• Exercise prompt
Would you please restate the data exactly as it stands, apart from the pictures?

• Materials provided

· · · · · · ·

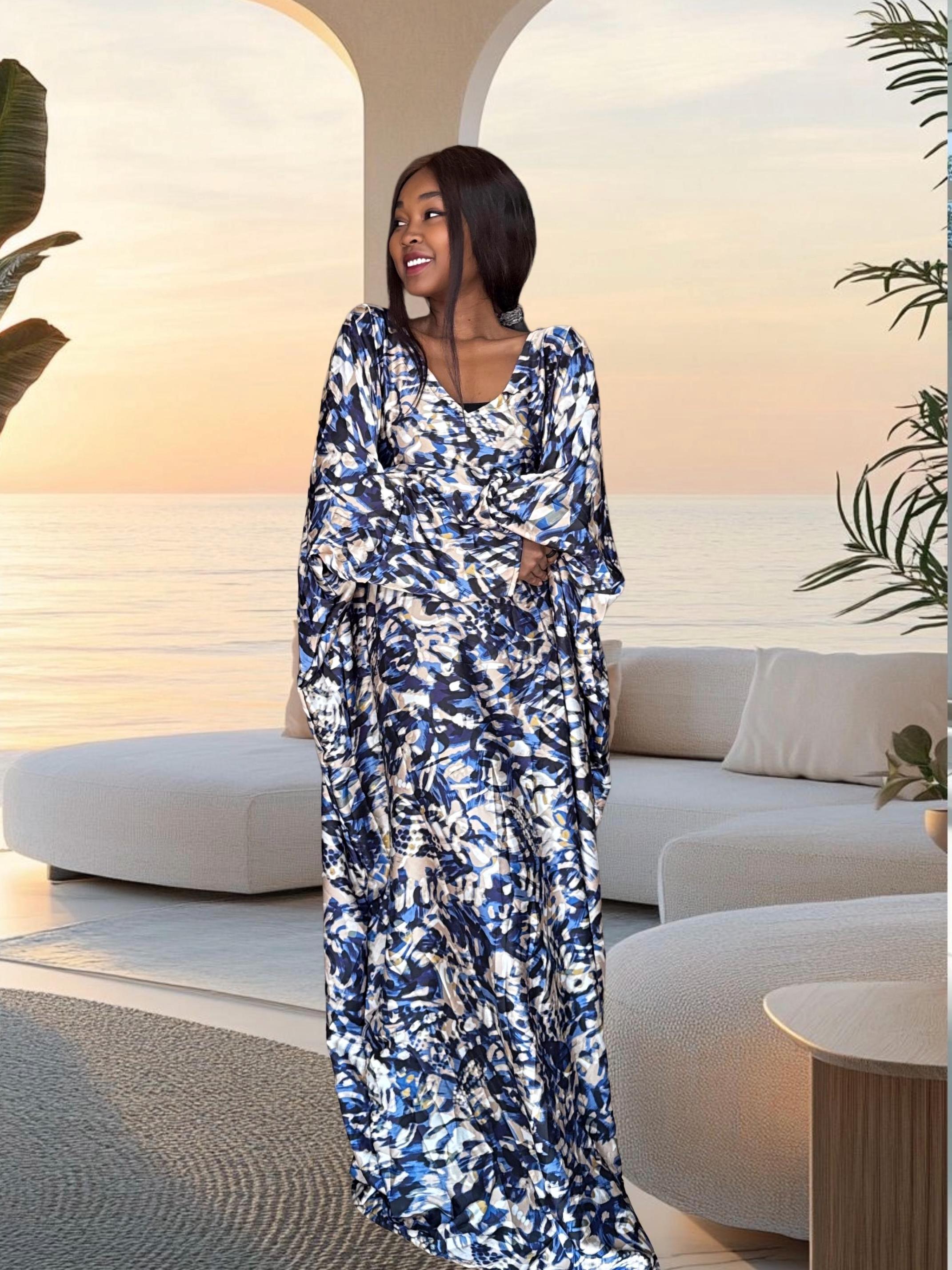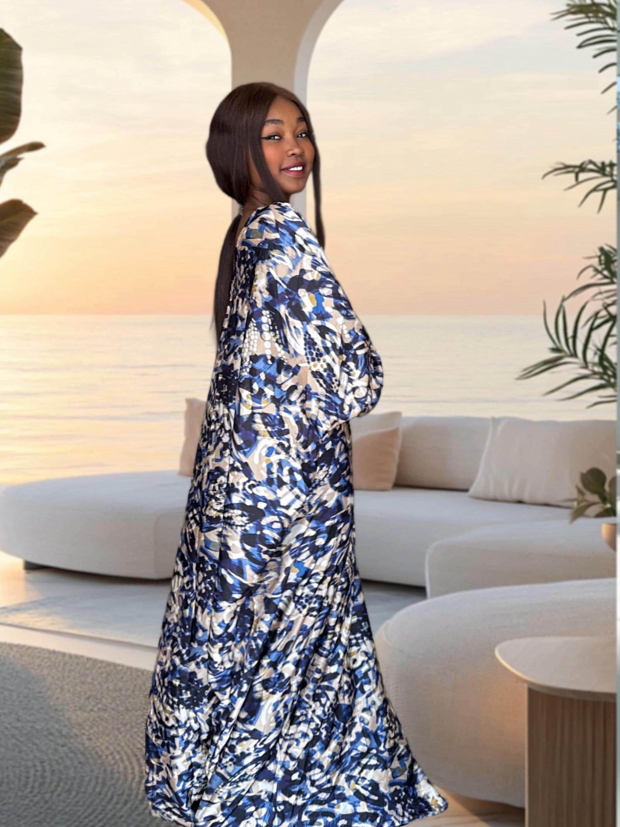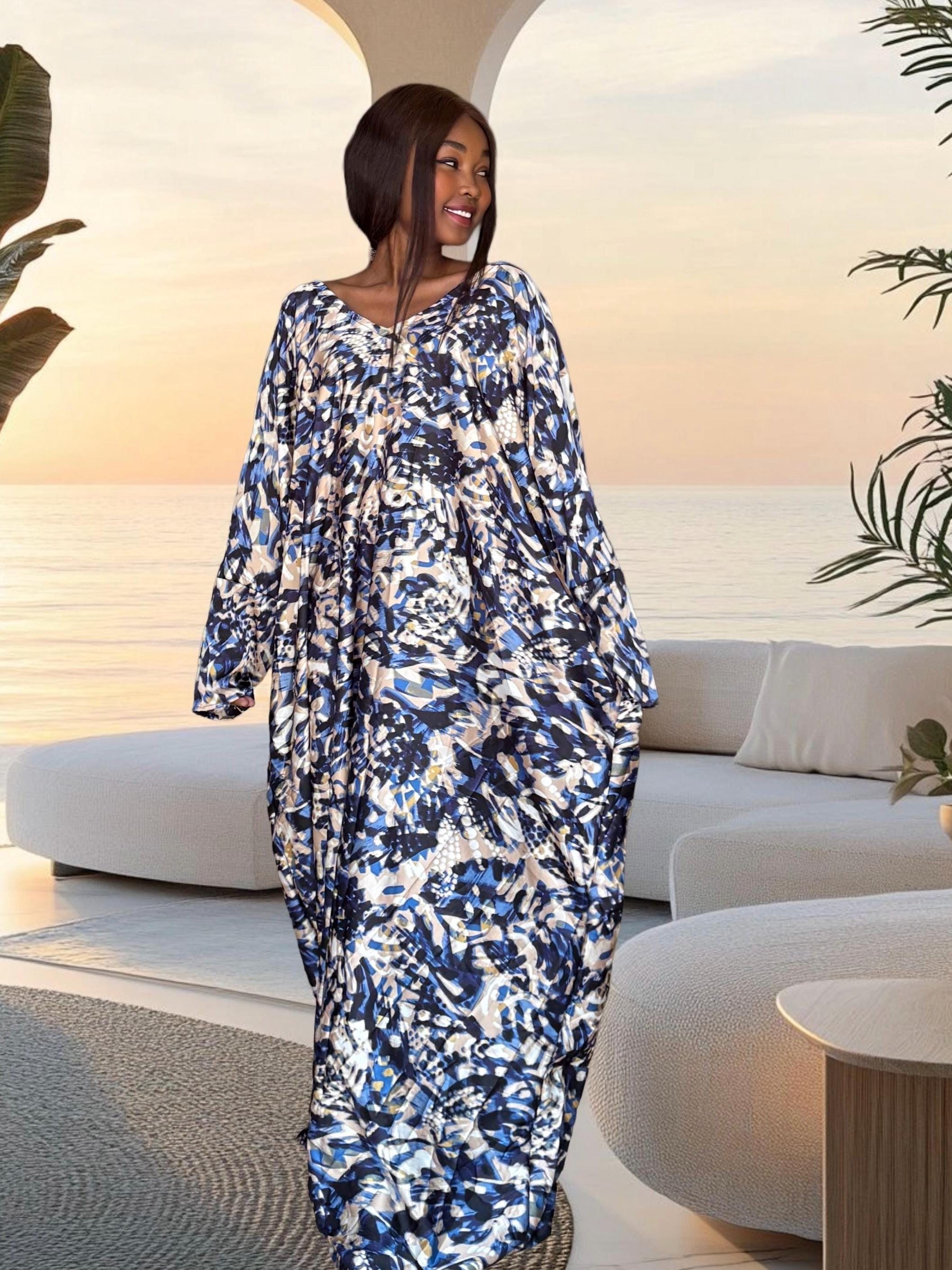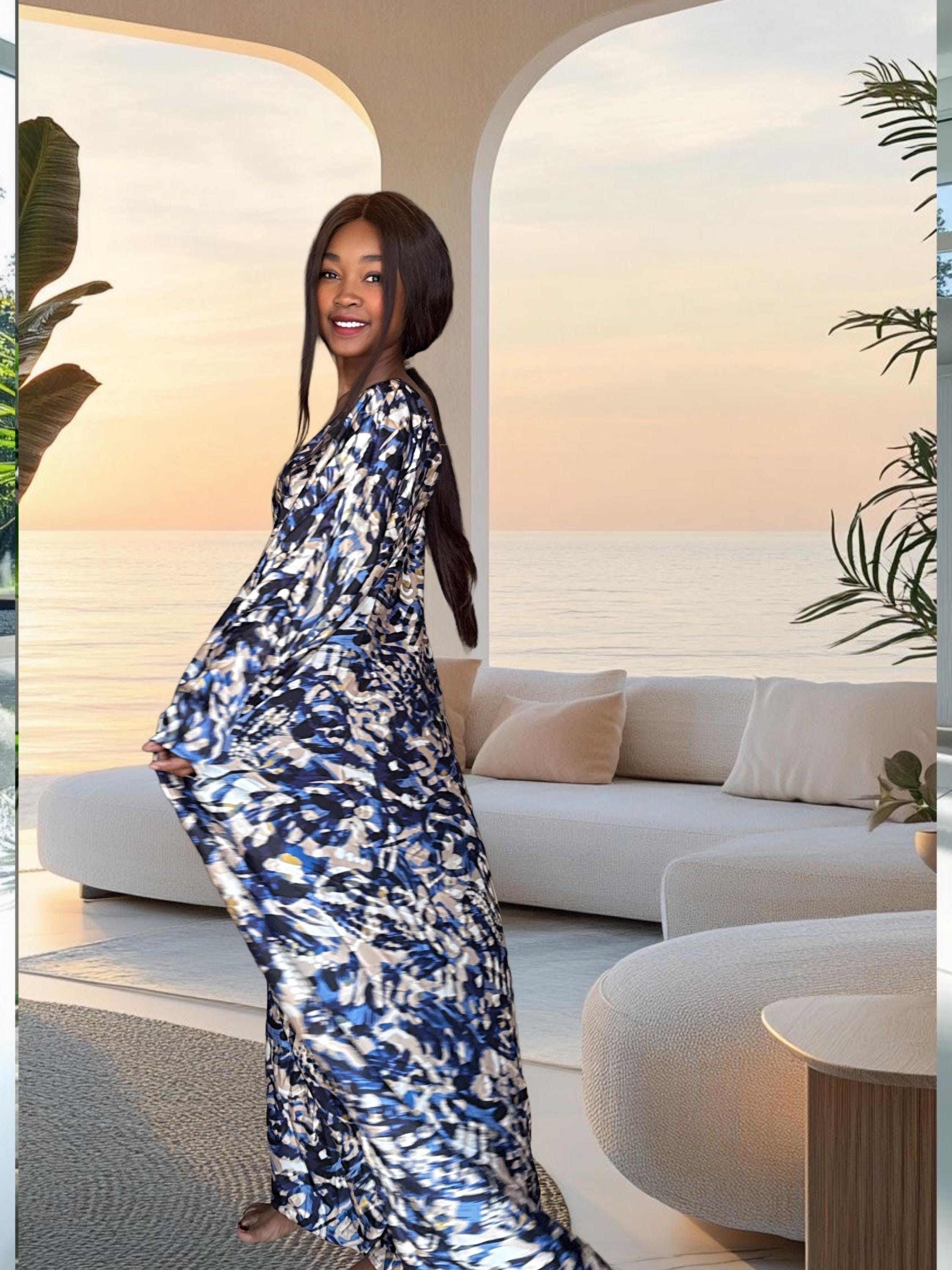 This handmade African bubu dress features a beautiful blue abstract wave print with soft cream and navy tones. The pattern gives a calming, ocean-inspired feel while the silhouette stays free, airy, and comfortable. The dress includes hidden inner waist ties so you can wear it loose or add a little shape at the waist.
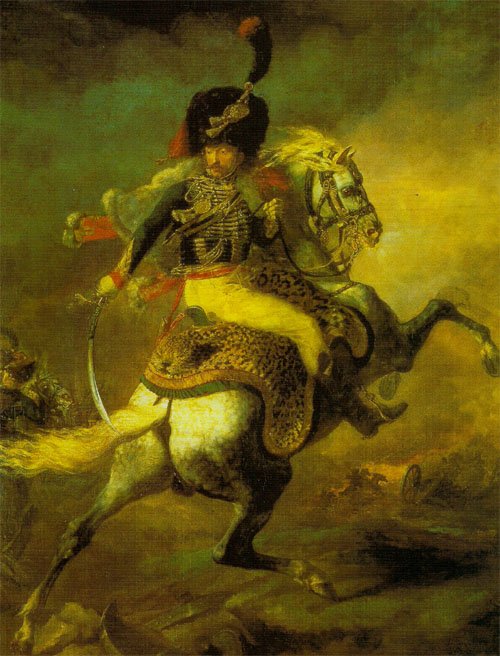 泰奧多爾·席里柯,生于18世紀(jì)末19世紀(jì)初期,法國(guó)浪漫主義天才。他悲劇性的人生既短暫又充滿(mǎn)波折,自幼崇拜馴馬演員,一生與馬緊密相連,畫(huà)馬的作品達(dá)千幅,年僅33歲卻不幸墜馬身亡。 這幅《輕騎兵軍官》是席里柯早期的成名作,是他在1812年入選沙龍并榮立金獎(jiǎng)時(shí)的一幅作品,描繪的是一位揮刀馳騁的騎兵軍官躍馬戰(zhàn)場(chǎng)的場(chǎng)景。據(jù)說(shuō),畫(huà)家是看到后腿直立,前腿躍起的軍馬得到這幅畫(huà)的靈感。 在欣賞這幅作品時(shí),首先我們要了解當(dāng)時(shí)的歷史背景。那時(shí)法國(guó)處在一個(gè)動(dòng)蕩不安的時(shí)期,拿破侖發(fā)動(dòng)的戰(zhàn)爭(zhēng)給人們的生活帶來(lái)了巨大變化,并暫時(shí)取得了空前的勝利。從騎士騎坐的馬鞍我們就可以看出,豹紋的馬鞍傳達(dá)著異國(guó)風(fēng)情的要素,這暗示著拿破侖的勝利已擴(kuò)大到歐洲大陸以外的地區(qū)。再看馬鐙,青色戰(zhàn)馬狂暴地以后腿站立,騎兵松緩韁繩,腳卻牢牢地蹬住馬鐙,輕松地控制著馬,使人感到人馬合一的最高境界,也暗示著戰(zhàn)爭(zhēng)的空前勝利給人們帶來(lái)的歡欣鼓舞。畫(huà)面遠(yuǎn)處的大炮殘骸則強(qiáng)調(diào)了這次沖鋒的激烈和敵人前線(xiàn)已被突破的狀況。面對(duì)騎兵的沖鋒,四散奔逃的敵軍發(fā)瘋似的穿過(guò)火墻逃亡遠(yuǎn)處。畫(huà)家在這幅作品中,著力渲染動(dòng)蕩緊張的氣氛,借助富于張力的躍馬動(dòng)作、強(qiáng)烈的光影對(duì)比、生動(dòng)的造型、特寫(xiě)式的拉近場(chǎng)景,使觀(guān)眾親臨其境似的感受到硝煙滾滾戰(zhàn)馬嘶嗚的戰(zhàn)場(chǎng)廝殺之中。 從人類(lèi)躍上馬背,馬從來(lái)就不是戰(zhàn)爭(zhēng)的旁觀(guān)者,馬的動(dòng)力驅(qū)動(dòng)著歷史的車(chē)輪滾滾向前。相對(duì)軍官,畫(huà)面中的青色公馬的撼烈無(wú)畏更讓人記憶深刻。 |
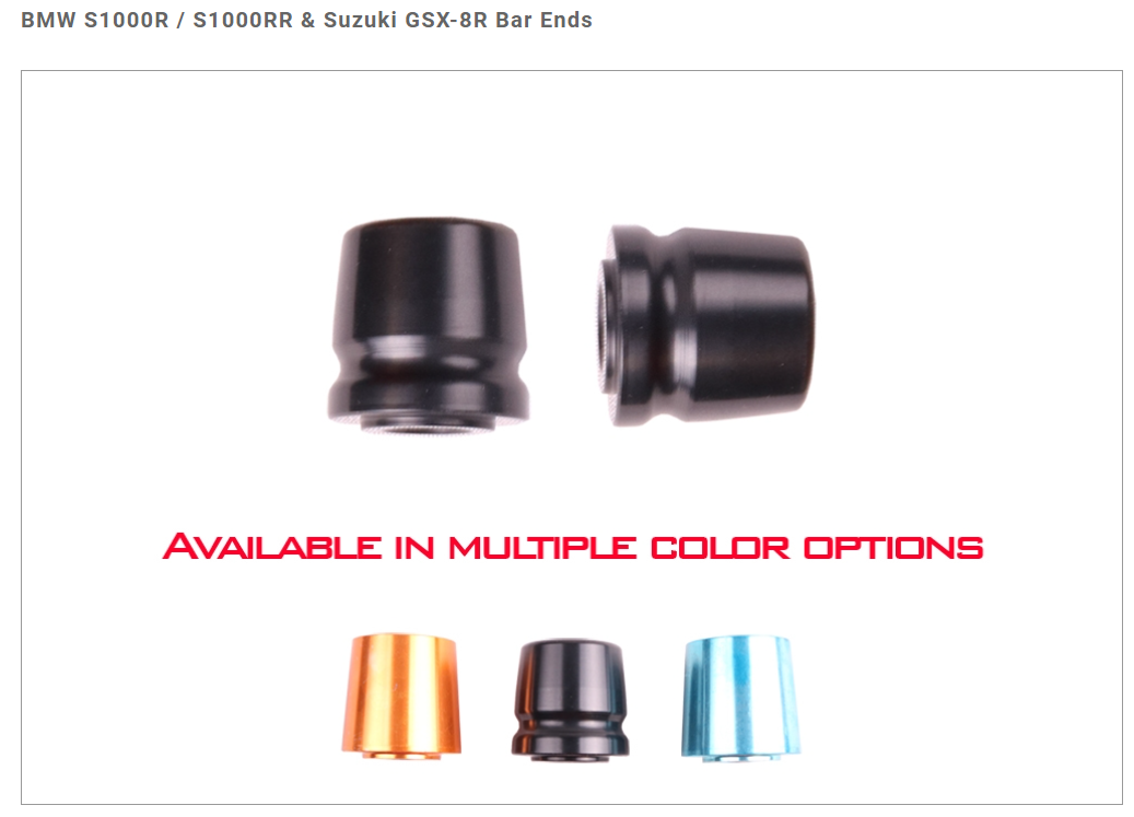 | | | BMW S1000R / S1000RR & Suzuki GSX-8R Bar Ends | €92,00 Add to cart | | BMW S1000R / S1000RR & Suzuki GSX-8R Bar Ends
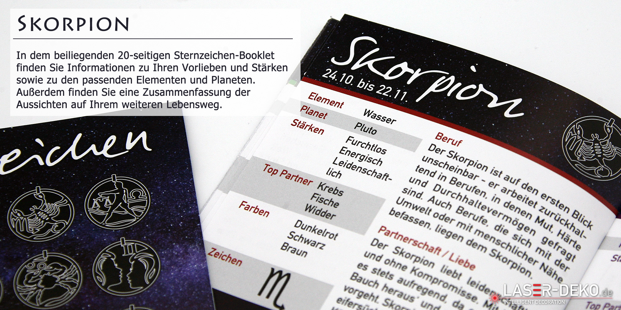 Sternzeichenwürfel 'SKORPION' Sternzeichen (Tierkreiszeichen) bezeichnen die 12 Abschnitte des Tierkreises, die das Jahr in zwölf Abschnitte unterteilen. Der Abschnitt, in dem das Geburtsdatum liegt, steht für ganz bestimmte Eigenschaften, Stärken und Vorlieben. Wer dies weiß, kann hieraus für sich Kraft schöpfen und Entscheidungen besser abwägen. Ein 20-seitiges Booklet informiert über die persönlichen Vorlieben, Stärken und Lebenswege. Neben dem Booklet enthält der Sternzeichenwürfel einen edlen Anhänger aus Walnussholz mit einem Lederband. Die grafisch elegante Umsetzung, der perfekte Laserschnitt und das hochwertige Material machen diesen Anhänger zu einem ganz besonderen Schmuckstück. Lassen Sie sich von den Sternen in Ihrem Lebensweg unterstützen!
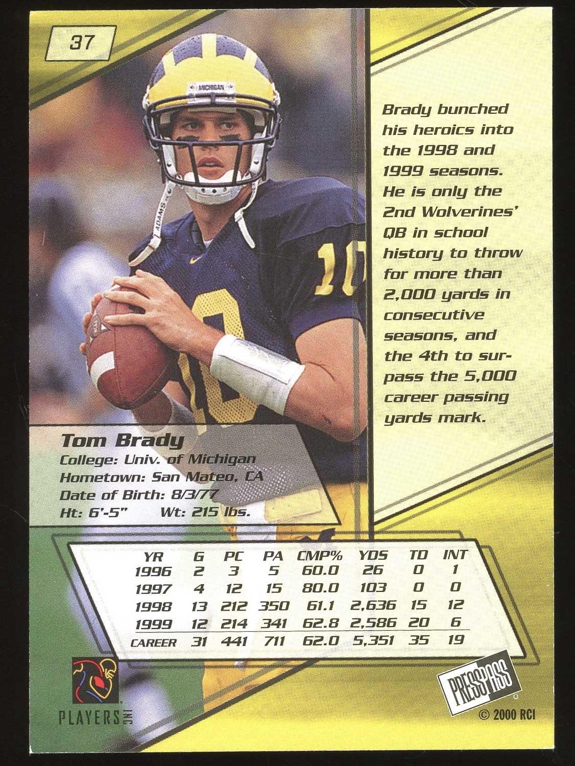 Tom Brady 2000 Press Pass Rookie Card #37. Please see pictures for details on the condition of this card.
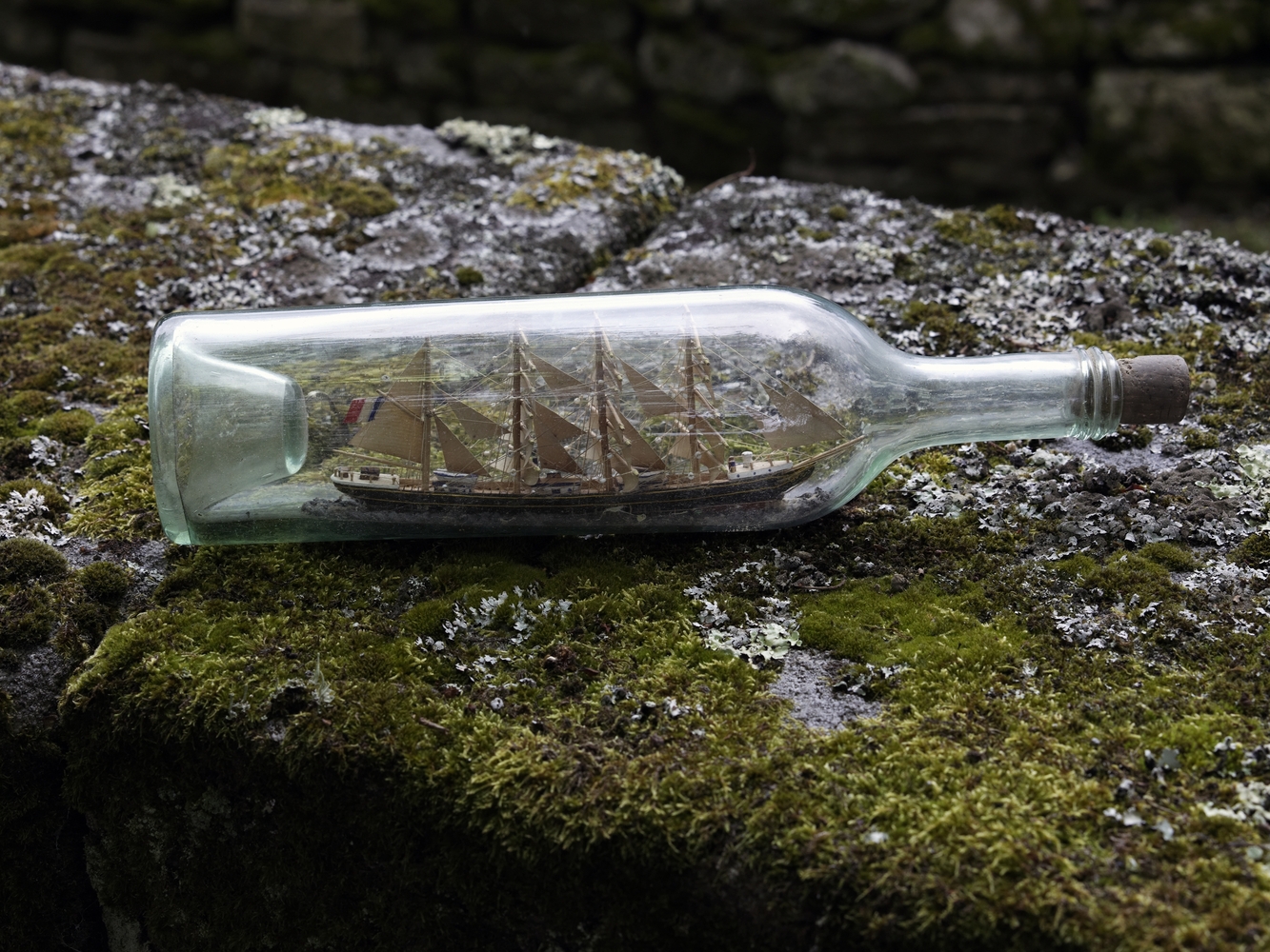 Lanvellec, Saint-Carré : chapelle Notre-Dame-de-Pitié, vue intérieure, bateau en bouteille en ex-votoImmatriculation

· · · · · · ·

• Expected answer
 This handmade African bubu dress features a beautiful blue abstract wave print with soft cream and navy tones. The pattern gives a calming, ocean-inspired feel while the silhouette stays free, airy, and comfortable. The dress includes hidden inner waist ties so you can wear it loose or add a little shape at the waist.
 泰奧多爾·席里柯,生于18世紀(jì)末19世紀(jì)初期,法國(guó)浪漫主義天才。他悲劇性的人生既短暫又充滿(mǎn)波折,自幼崇拜馴馬演員,一生與馬緊密相連,畫(huà)馬的作品達(dá)千幅,年僅33歲卻不幸墜馬身亡。 這幅《輕騎兵軍官》是席里柯早期的成名作,是他在1812年入選沙龍并榮立金獎(jiǎng)時(shí)的一幅作品,描繪的是一位揮刀馳騁的騎兵軍官躍馬戰(zhàn)場(chǎng)的場(chǎng)景。據(jù)說(shuō),畫(huà)家是看到后腿直立,前腿躍起的軍馬得到這幅畫(huà)的靈感。 在欣賞這幅作品時(shí),首先我們要了解當(dāng)時(shí)的歷史背景。那時(shí)法國(guó)處在一個(gè)動(dòng)蕩不安的時(shí)期,拿破侖發(fā)動(dòng)的戰(zhàn)爭(zhēng)給人們的生活帶來(lái)了巨大變化,并暫時(shí)取得了空前的勝利。從騎士騎坐的馬鞍我們就可以看出,豹紋的馬鞍傳達(dá)著異國(guó)風(fēng)情的要素,這暗示著拿破侖的勝利已擴(kuò)大到歐洲大陸以外的地區(qū)。再看馬鐙,青色戰(zhàn)馬狂暴地以后腿站立,騎兵松緩韁繩,腳卻牢牢地蹬住馬鐙,輕松地控制著馬,使人感到人馬合一的最高境界,也暗示著戰(zhàn)爭(zhēng)的空前勝利給人們帶來(lái)的歡欣鼓舞。畫(huà)面遠(yuǎn)處的大炮殘骸則強(qiáng)調(diào)了這次沖鋒的激烈和敵人前線(xiàn)已被突破的狀況。面對(duì)騎兵的沖鋒,四散奔逃的敵軍發(fā)瘋似的穿過(guò)火墻逃亡遠(yuǎn)處。畫(huà)家在這幅作品中,著力渲染動(dòng)蕩緊張的氣氛,借助富于張力的躍馬動(dòng)作、強(qiáng)烈的光影對(duì)比、生動(dòng)的造型、特寫(xiě)式的拉近場(chǎng)景,使觀(guān)眾親臨其境似的感受到硝煙滾滾戰(zhàn)馬嘶嗚的戰(zhàn)場(chǎng)廝殺之中。 從人類(lèi)躍上馬背,馬從來(lái)就不是戰(zhàn)爭(zhēng)的旁觀(guān)者,馬的動(dòng)力驅(qū)動(dòng)著歷史的車(chē)輪滾滾向前。相對(duì)軍官,畫(huà)面中的青色公馬的撼烈無(wú)畏更讓人記憶深刻。 |
 | | | BMW S1000R / S1000RR & Suzuki GSX-8R Bar Ends | €92,00 Add to cart | | BMW S1000R / S1000RR & Suzuki GSX-8R Bar Ends
 Sternzeichenwürfel 'SKORPION' Sternzeichen (Tierkreiszeichen) bezeichnen die 12 Abschnitte des Tierkreises, die das Jahr in zwölf Abschnitte unterteilen. Der Abschnitt, in dem das Geburtsdatum liegt, steht für ganz bestimmte Eigenschaften, Stärken und Vorlieben. Wer dies weiß, kann hieraus für sich Kraft schöpfen und Entscheidungen besser abwägen. Ein 20-seitiges Booklet informiert über die persönlichen Vorlieben, Stärken und Lebenswege. Neben dem Booklet enthält der Sternzeichenwürfel einen edlen Anhänger aus Walnussholz mit einem Lederband. Die grafisch elegante Umsetzung, der perfekte Laserschnitt und das hochwertige Material machen diesen Anhänger zu einem ganz besonderen Schmuckstück. Lassen Sie sich von den Sternen in Ihrem Lebensweg unterstützen!
 Tom Brady 2000 Press Pass Rookie Card #37. Please see pictures for details on the condition of this card.
 Lanvellec, Saint-Carré : chapelle Notre-Dame-de-Pitié, vue intérieure, bateau en bouteille en ex-votoImmatriculation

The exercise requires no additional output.